The yen rose versus most of its 16 major peers as equities slid. Chinese gross domestic product rose 7.7 percent in the October-December period from a year earlier, the National Bureau of Statistics said in Beijing, compared with 7.8 percent in the third quarter, beating the 7.6 percent gain estimated by analysts in a Bloomberg survey. The dollar slid from an eight-week high against the euro, while Brazil’s real rose to the most in three weeks. The Australian dollar rose the first time in five days. U.S. markets are shut for a public holiday.
“Given the build-up in short positions in the Japanese yen we saw some position squaring over night,” said Jack Spitz, managing director of foreign exchange at National bank of Canada, by phone from Toronto. “I wouldn’t draw any strong conclusions from the data that came out, and I would see it influence more on the Australian dollar.”
The yen climbed 0.1 percent to 104.18 per dollar at 5 p.m. in New York.
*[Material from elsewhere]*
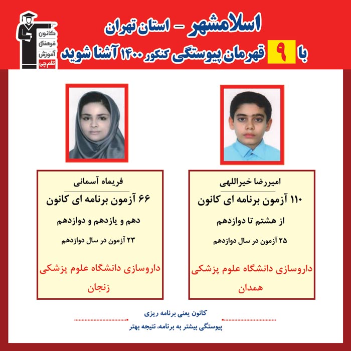 با قهرمانان پیوستگی اسلامشهر درکنکور 1400 آشنا شوید

The dollar was 0.1 percent weaker at $1.3552 per euro after declining to $1.3508, the lowest since Nov. 25. The yen was little changed at 141.18 per euro.
The MSCI Asia Pacific Index of stocks fell 0.2 percent and the Stoxx Europe 600 Index declined 0.1 percent.
The yen has gained 2.3 percent this year, the second-best performer among 10 developed-market currencies tracked by Bloomberg Correlation-Weighted Indexes. The dollar rose 1.1 percent and the euro weakened 0.4 percent. New Zealand’s dollar paced gains, appreciating 2.6 percent.
“The market is concerned about the outlook for Chinese growth given the need to implement structural reforms,” said Jane Foley, a senior currency strategist at Rabobank International in London. “Risk aversion is clearly a factor and this supported the yen.”
The U.S. currency will rise to 110 yen and strengthen to $1.28 per euro by the end of the year, according to median forecasts of economists compiled by Bloomberg. A Citigroup Inc. gauge last week showed U.S. economic data were surpassing expectations by the most in almost two years.
Federal Reserve policy makers said on Dec. 18 they would cut monthly bond purchases to $75 billion from $85 billion starting in January, with the pace of further reductions dependent on the performance of the economy. Officials are due to next meet on Jan. 28-29.
“Our view on the U.S. is that it will deliver stronger and more consistent growth in 2014 than in the previous three years,” said John Normand, head of foreign-exchange and international-rates strategy at JPMorgan Chase & Co. in London. “The strength of the economy will allow the Fed to taper further. The dollar is likely to advance the most against currencies whose central banks are still easing and where current account positions are poor.”
The Bloomberg Dollar Spot Index, which tracks the U.S. currency against 10 major counterparts, gained 0.1 percent to 1,033.15, the highest since Sept. 9.
Economists say American reports on Thursday will show first-time claims for jobless benefits increased last week, while sales of previously owned homes rose for the first time in five months in December.
The British pound fell from a one-week high against the euro before a jobs report this week amid speculation the Bank of England will reduce its threshold for reviewing when to start increasing interest rates.
The unemployment rate declined to 7.3 percent in the three months through November, according to a Bloomberg survey before the data is released on Wednesday. Governor Mark Carney said in August the Bank of England won’t consider raising borrowing costs at least until unemployment drops to 7 percent.
Sterling weakened 0.1 percent to 82.49 pence per euro. The U.K. currency was little changed at $1.6429 after rising and falling as much as 0.2 percent.